Dataset entries
○ ○ ○ ○ ○ ○ ○

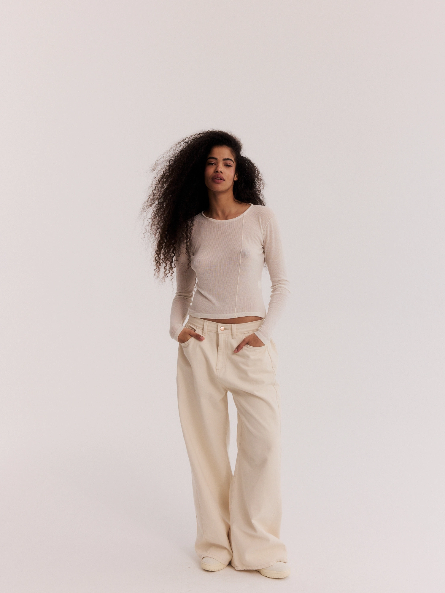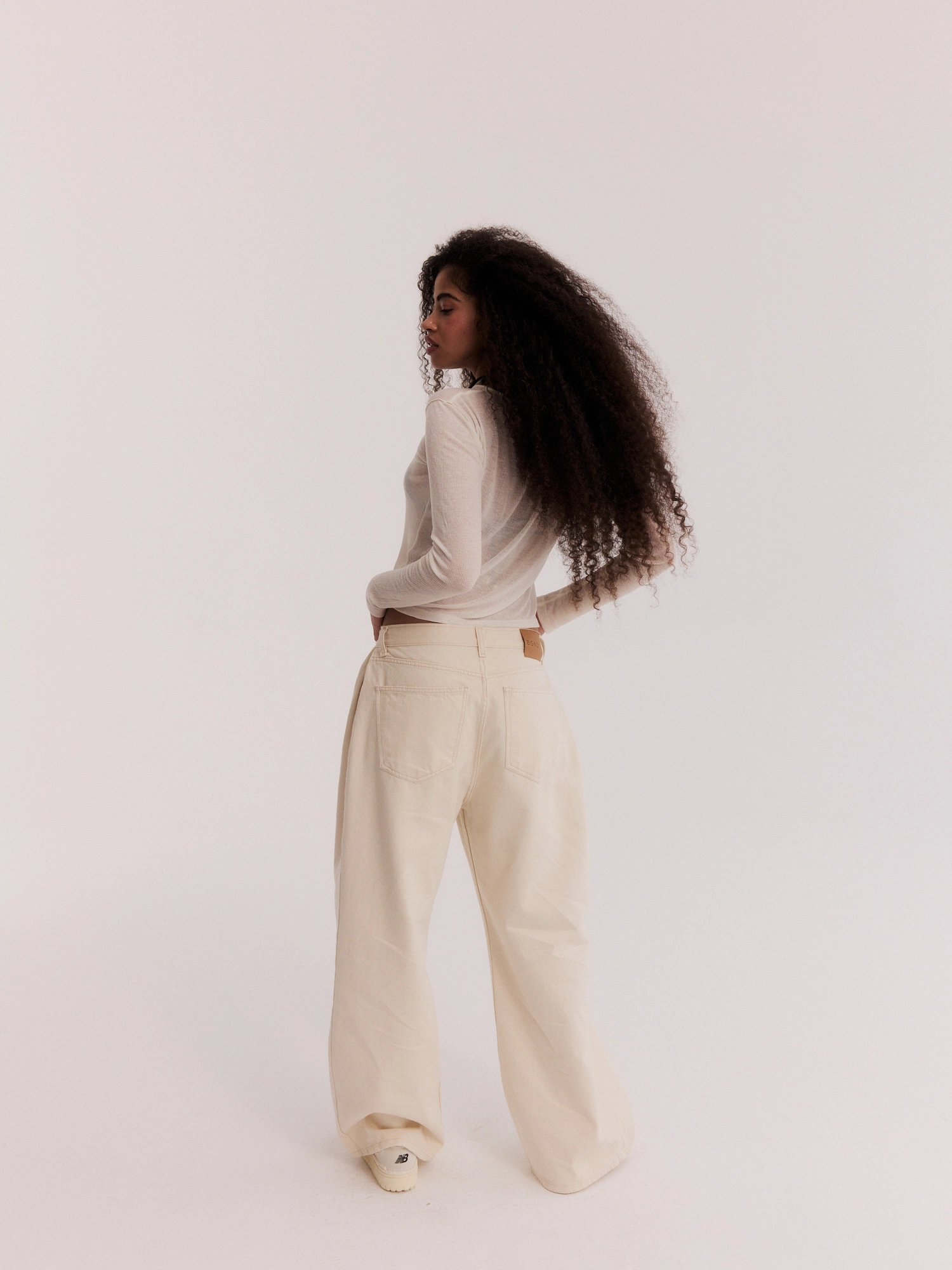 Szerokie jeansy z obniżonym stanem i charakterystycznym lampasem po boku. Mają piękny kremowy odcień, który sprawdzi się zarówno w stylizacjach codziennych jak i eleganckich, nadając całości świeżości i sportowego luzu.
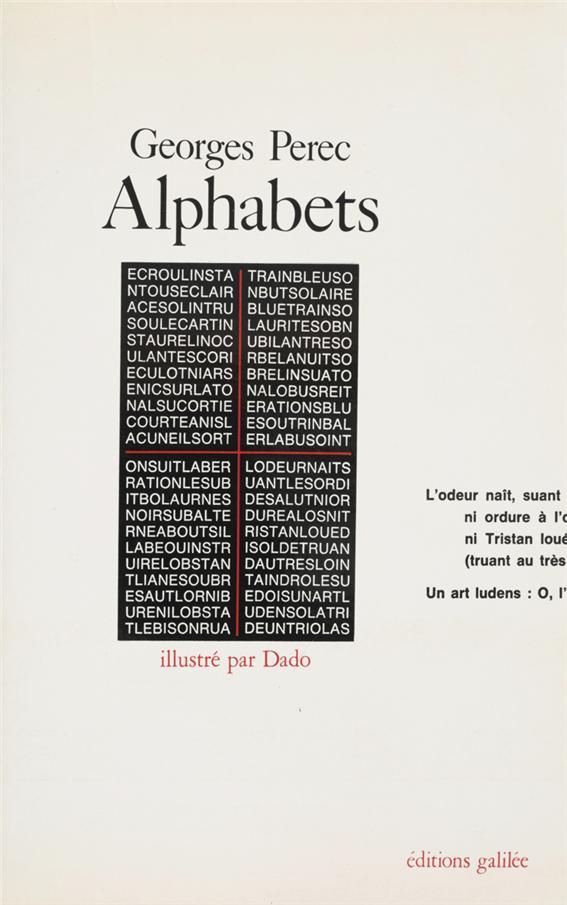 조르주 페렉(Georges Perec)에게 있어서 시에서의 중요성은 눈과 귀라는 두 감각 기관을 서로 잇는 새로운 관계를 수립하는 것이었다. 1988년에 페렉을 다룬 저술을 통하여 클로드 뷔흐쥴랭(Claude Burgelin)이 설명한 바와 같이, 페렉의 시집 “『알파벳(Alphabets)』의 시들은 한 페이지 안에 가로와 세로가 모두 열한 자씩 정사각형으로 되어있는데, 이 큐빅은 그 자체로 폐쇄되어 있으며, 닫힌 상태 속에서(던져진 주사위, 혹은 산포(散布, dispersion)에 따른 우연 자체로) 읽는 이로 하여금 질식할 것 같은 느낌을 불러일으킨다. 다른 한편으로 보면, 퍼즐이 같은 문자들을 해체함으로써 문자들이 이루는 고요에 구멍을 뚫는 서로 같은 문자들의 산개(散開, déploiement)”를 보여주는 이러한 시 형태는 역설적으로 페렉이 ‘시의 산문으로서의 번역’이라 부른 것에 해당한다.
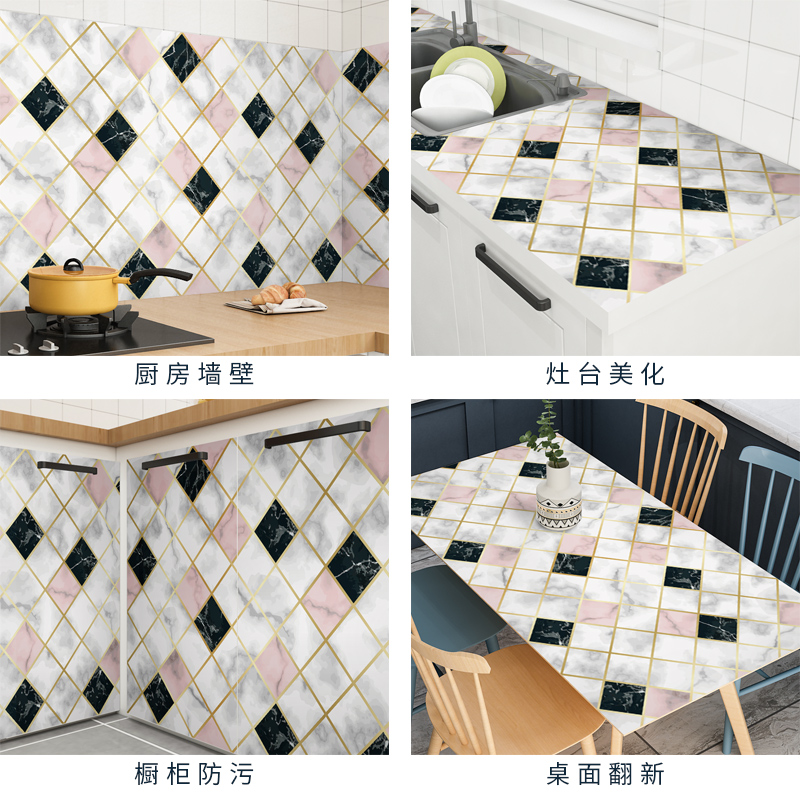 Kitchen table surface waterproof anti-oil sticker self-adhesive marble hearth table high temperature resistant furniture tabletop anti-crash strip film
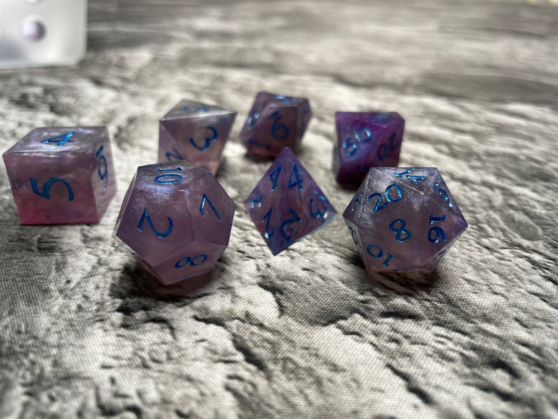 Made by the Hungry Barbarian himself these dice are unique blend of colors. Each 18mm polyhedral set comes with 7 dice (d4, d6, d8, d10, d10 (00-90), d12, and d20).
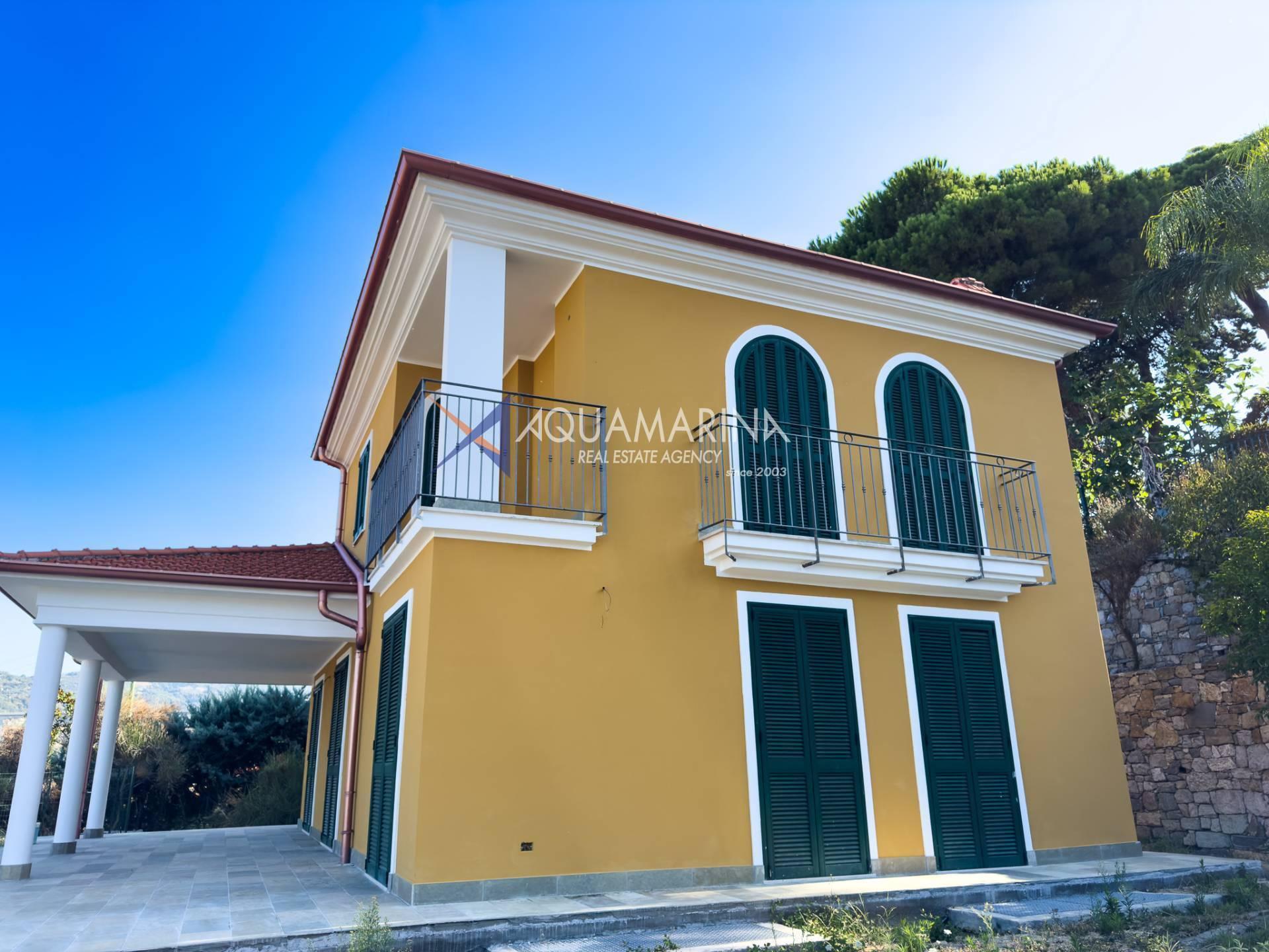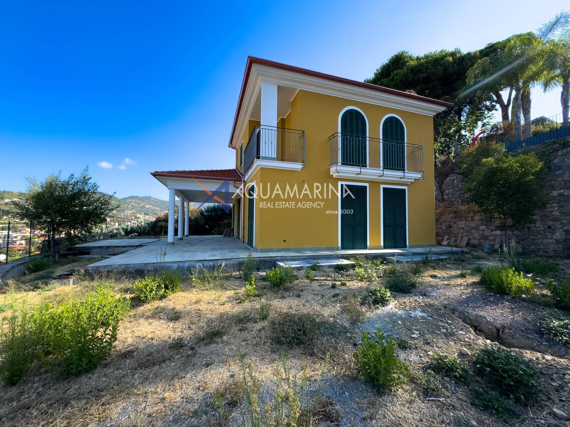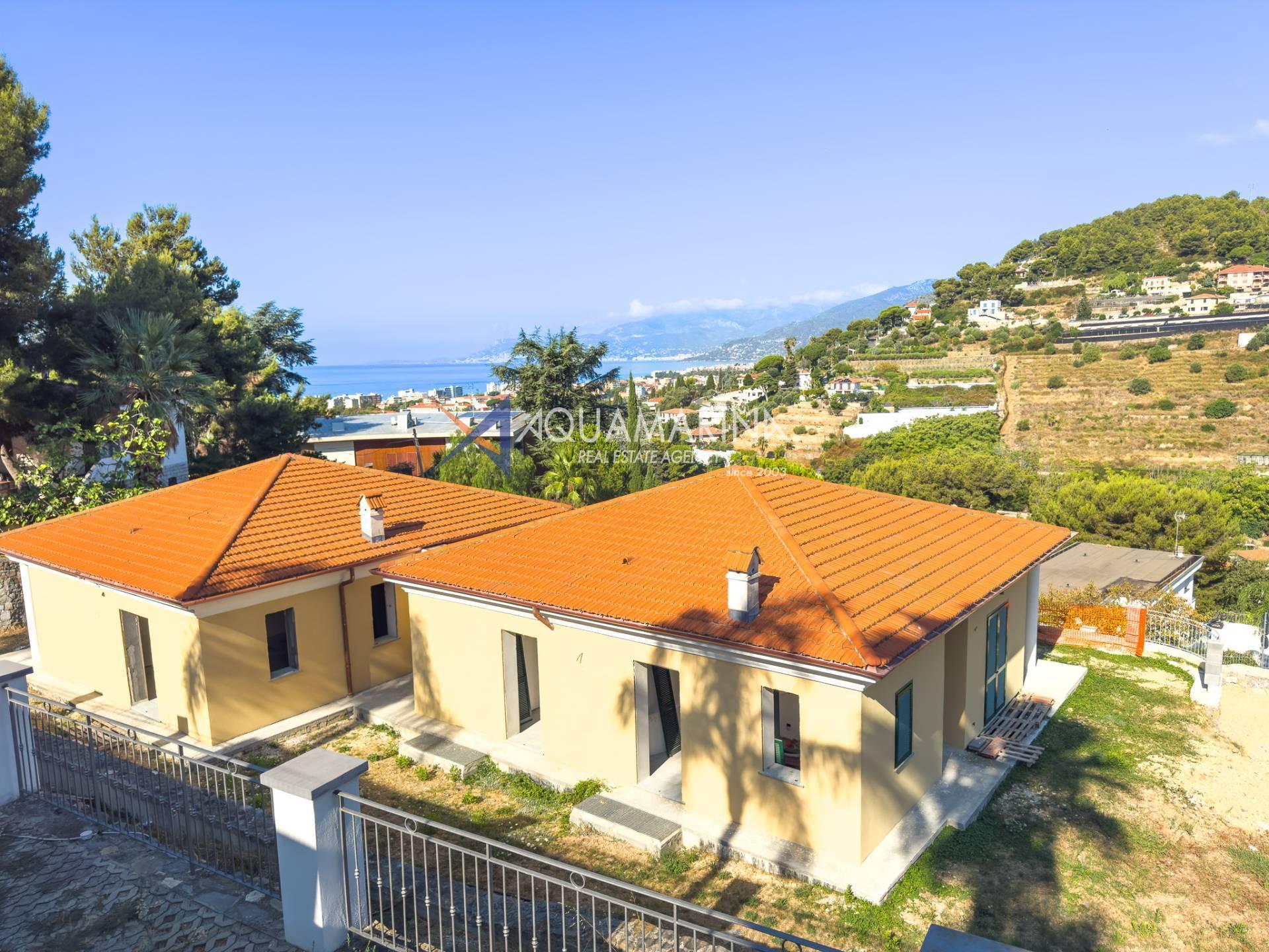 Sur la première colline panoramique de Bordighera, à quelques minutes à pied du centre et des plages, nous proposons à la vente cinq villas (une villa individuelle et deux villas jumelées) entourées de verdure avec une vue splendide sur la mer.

○ ○ ○ ○ ○ ○ ○

Reproduce, exactly and only, the lines of the records above starting at the line with "Kitchen table surface" and ending at the line with "Made by the", both included. Leave every picture out.

 Kitchen table surface waterproof anti-oil sticker self-adhesive marble hearth table high temperature resistant furniture tabletop anti-crash strip film
 Made by the Hungry Barbarian himself these dice are unique blend of colors. Each 18mm polyhedral set comes with 7 dice (d4, d6, d8, d10, d10 (00-90), d12, and d20).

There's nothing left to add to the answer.